Short-Run Multivariate Control Charts for Process Mean and Variability
L. Jaupi, D. E. Herwindiati, Ph. Durand, and D. Ghorbanzadeh

Abstract—Statistical process control methods for monitoring short-run processes with multivariate measurements are considered and new multivariate short-run control charts to monitor process mean and variability are proposed. To monitor the process mean the influence function of mean is proposed and to investigate process variability control charts based on the influence function of eigenvalues are suggested. The proposed techniques are general, and the influence functions may be used to build up short-run multivariate control charts relative to either nominal values or estimates. The method is further illustrated with real datasets, from a flexible job shop manufacturing system producing spare parts for classical cars.
Index Terms—Eigenvalue, influence function, statistical process control, principal components
I. INTRODUCTION
STANDARD multivariate control charts are powerful techniques that have been applied effectively on continuous and large batch size processes. Another trend in manufacturing characterized by a high degree of flexibility is job shop production. A typical example would be a multi-purpose CNC machining centre, which produces small batches of complex parts for local customers. In a short-run environment, it is difficult or perhaps impossible to gather data necessary to implement traditional multivariate SPC techniques, because production runs are usually short and change frequently from one part to another. For univariate short-run manufacturing processes, numerous control charts have been introduced to overcome the problems faced by conventional charts, [1], [2], [3], [4], [7], [8], [10], [11]. But more realistic scenarios involve measurements of several related variables. Another problem encountered in a short-run production of complex parts is that there are many different types of measurements and the number of monitored variables is not the same from one batch to another. So standardized control charts are necessary to present data from different runs in a single analysis.
L. Jaupi is with Conservatoire National des Arts et Métiers, 292 rue Saint Martin, 75003 Paris, France (corresponding author phone: +33 1 40 27 23 73; fax: +33 1 40 27 27 46; e-mail: [email protected]).
D. E. Herwindiati is with Tarumanagara University, Jakarta, Indonesia (e-mail: [email protected]).
Ph. Durand is with Conservatoire National des Arts et Métiers, Paris, France (e-mail: [email protected]).
D. Ghorbanzadeh is with Conservatoire National des Arts et Métiers, Paris, France (e-mail: [email protected]).

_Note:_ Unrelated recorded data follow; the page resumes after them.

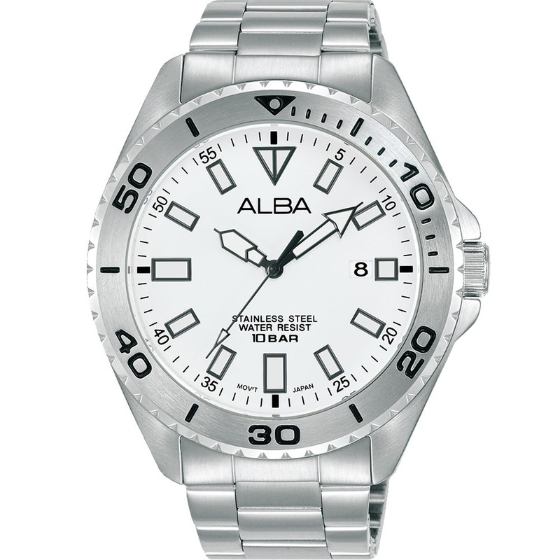 Introducing the Alba AS9Q45X Workman, a robust and practical timepiece designed to withstand demanding environments, featuring a clean white dial.Powered by the Caliber VJ42 quartz movement, this watch ensures accurate timekeeping with a dependable battery life of approximately 3 years. The 44mm stainless steel case provides durability and a bold presence suitable for rugged activities and professional settings.Equipped with a scratch-resistant mineral crystal and a screw-down crown, the watch offers enhanced protection against water infiltration and ensures secure operation in challenging conditions. The date display adds convenience for everyday use, enhancing its practicality.With an impressive water resistance rating of 100 meters, the Alba AS9Q45X Workman is suitable for swimming, snorkelling, and various water sports, making it an ideal choice for individuals who value durability, functionality, and style in their timepiece.- Caliber VJ42- Quartz Powered by a battery – Approx 3 Years Battery Life – 44mm Case Size – Stainless Steel Case – Mineral Crystal – Screw Down Crown – Date Display- 100 Meters Water Resistant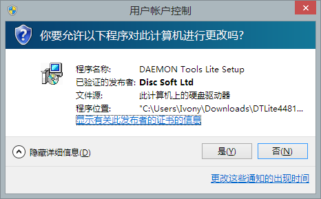 这个证书可以确保这个应用程序是由Disc Soft Ltd公司发布的,并且没有被任何第三方篡改过。这意味着,这个程序包含病毒的可能性取决于Disc Soft Ltd这个公司的节操。当然一般国外软件公司的节操我还是信得过的。所以我可以放心的点击是。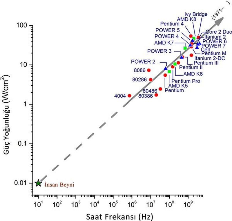 Grafik 2. Seçilmiş bazı işlemcilerin saat frekansı – güç yoğunluğu grafiği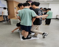 “同舟共济”环节将气氛推向高潮!各组需在有限“纸舟”上全员站稳,同学们或背或抱、金鸡独立,甚至上演“叠罗汉”,在摇摇晃晃中寻找平衡。有人笑称:“这比高数题还考验策略!”最终,协作智慧战胜物理极限,掌声与欢呼响彻教室。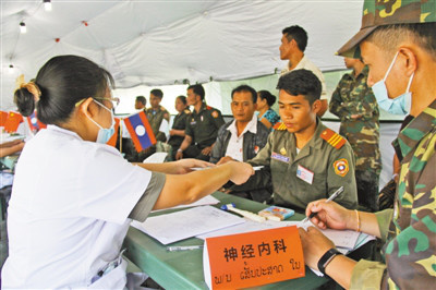 A medical team sent by China is offering volunteer treatment in a city of northern Laos for local public in July, 2017. (Photo by Zhang Zhiwen from People’s Daily)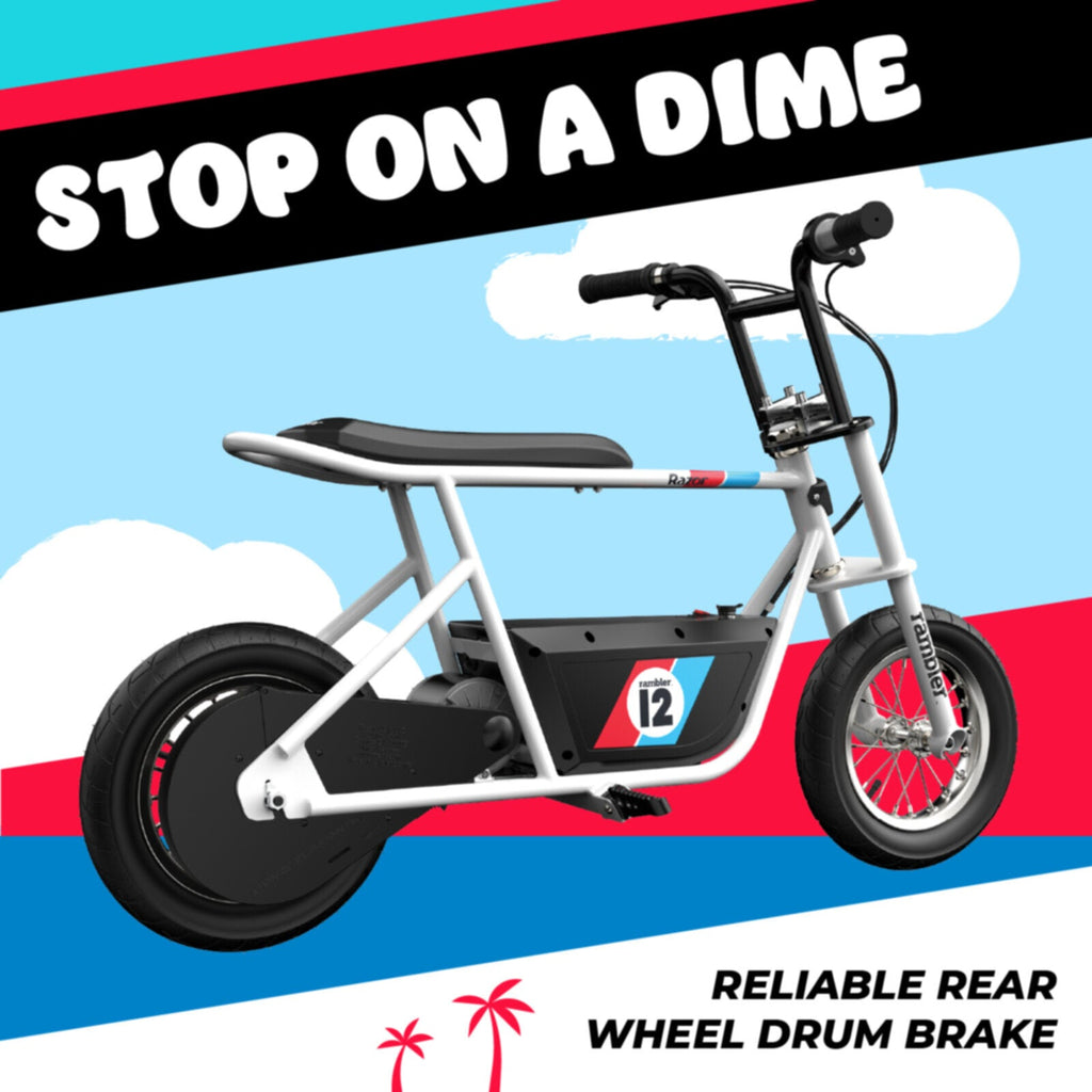 ◆ The Razor Rambler 12 has arrived – A modernized take on the vintage mini bike phenomenon. A combination of style, efficiency, and power make this quality electric minibike a top-of-the-line riding experience for teenagers.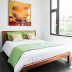 Skab et farvefyldt hjørne, som liver den stramme indretning op.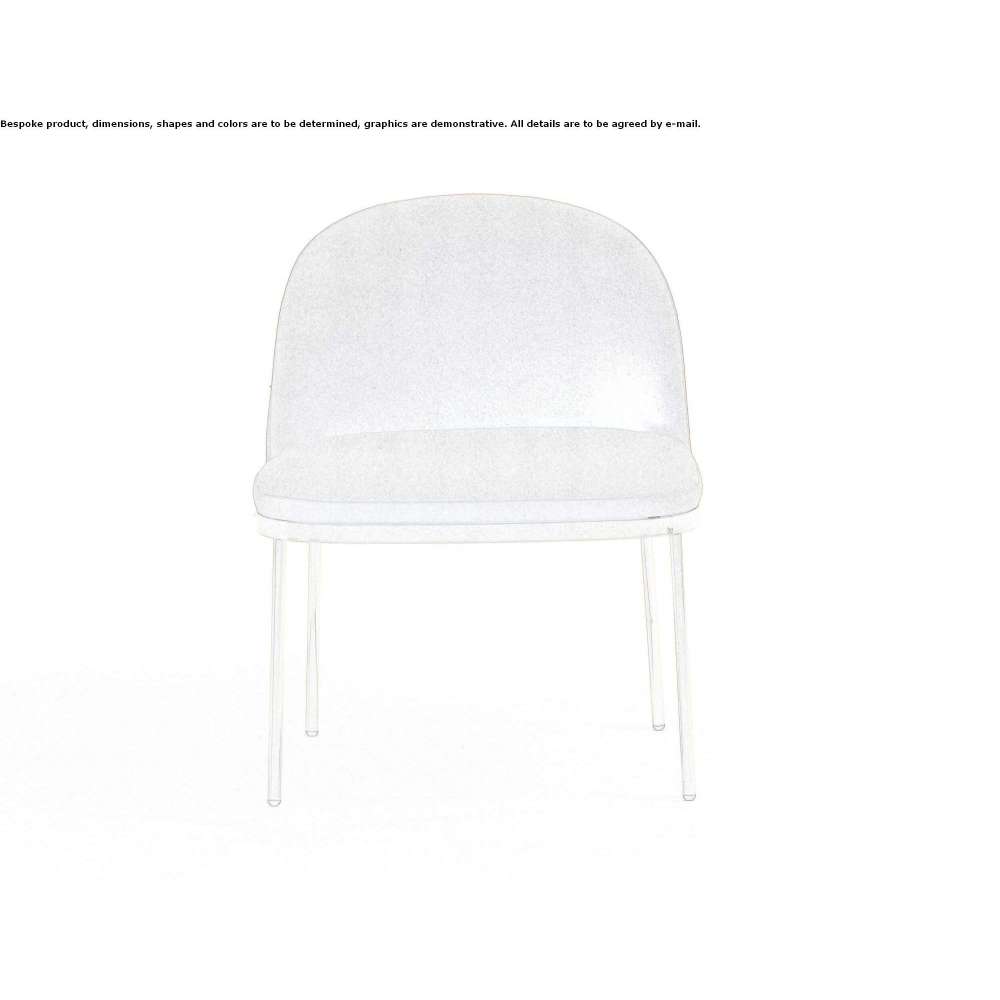 Nogi foteli są niezwykle smukłe, a chromowane lub malowana stalowa płyta stanowiąca podstawę siedziska ma minimalistyczny design przypominający kształt cienkiego pierścionka lub obrączki.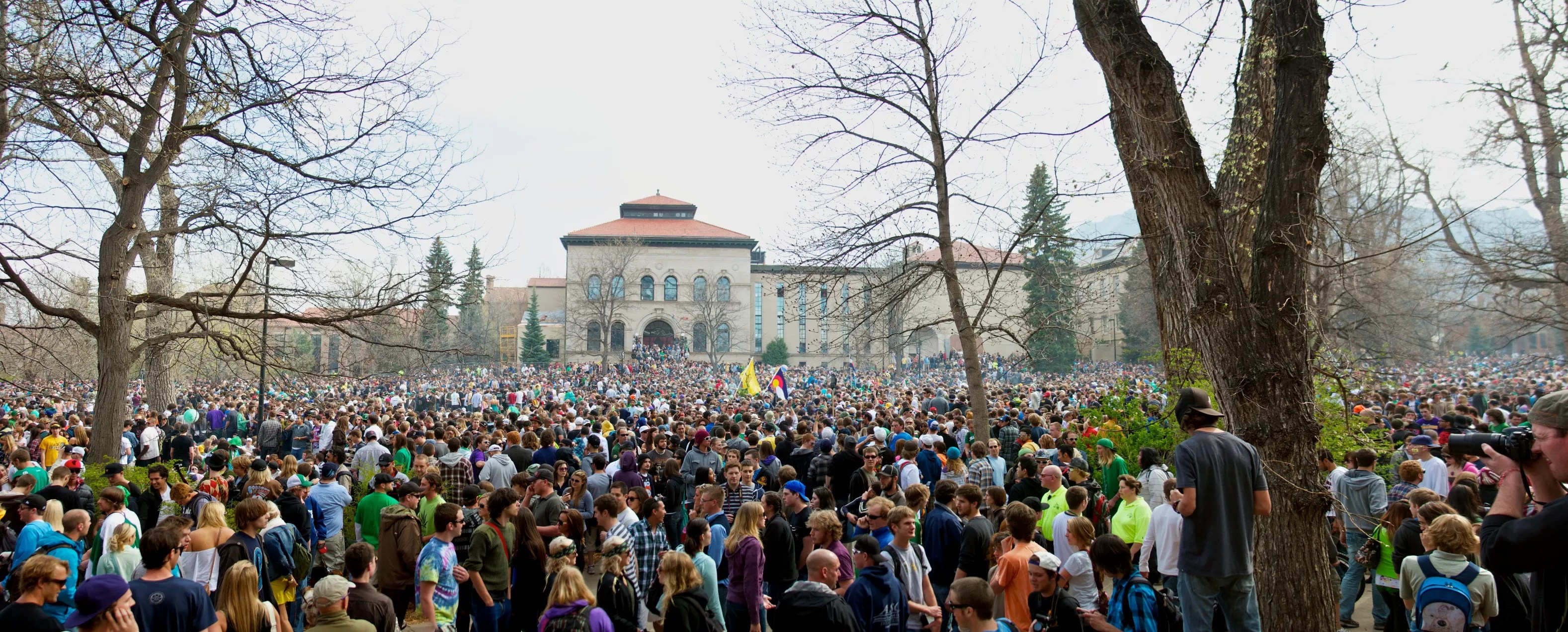 That’s when CU students began holding public smokeouts at Farrand Field on April 20, the unofficial cannabis holiday known as 4/20. In 2003, there were nearly 1,000 people on the field, and attendance continued to grow despite public discouragement from university officials. In 2005, the school began turning on sprinklers around 4:20 p.m., watering the lawn and protesters. The year after that, photos of 4/20 crowd members were posted online by CU police, with financial rewards offered for identification of students on the field. None of that discouraged the unofficial holiday.

For multivariate short-run environment, Quesenberry in [9] suggested the use of snapshot Q chart by plotting all Q statistics on the same chart. KHOO et al., in [5] proposed short-run multivariate control charts to monitor process mean and in [6] short-run multivariate control charts to monitor process variability based on individual measurements and sub-grouped normal data. When there is a lack of or limited knowledge about the underlying process distribution, nonparametric rank-based control charts are useful for short-run or start-up situations, [12]. In a multivariate process, when assignable causes are present, they may affect different process parameters: process mean, and/or process variability, and/or process orientation. Indeed, a multivariate quality characteristic vector posses both magnitude and direction. In this paper we propose new multivariate short-run control charts to monitor process mean and variability. To monitor the process mean the influence function of mean is proposed, to investigate process variability control charts based on the influence functions of eigenvalues are suggested and to describe process orientation control charts based on the influence functions of eigenvectors may be employed. The proposed techniques are general, and the influence functions may be used to build up short-run control charts for any process parameter. To make the presentation clear the remainder of the paper is organized as follows: in Section II we introduce the influence function; control charts based on influence functions are presented in Section III; an application is given in Section IV; remarks on the use of the influence function for process monitoring and possible extensions complete the paper in Section V.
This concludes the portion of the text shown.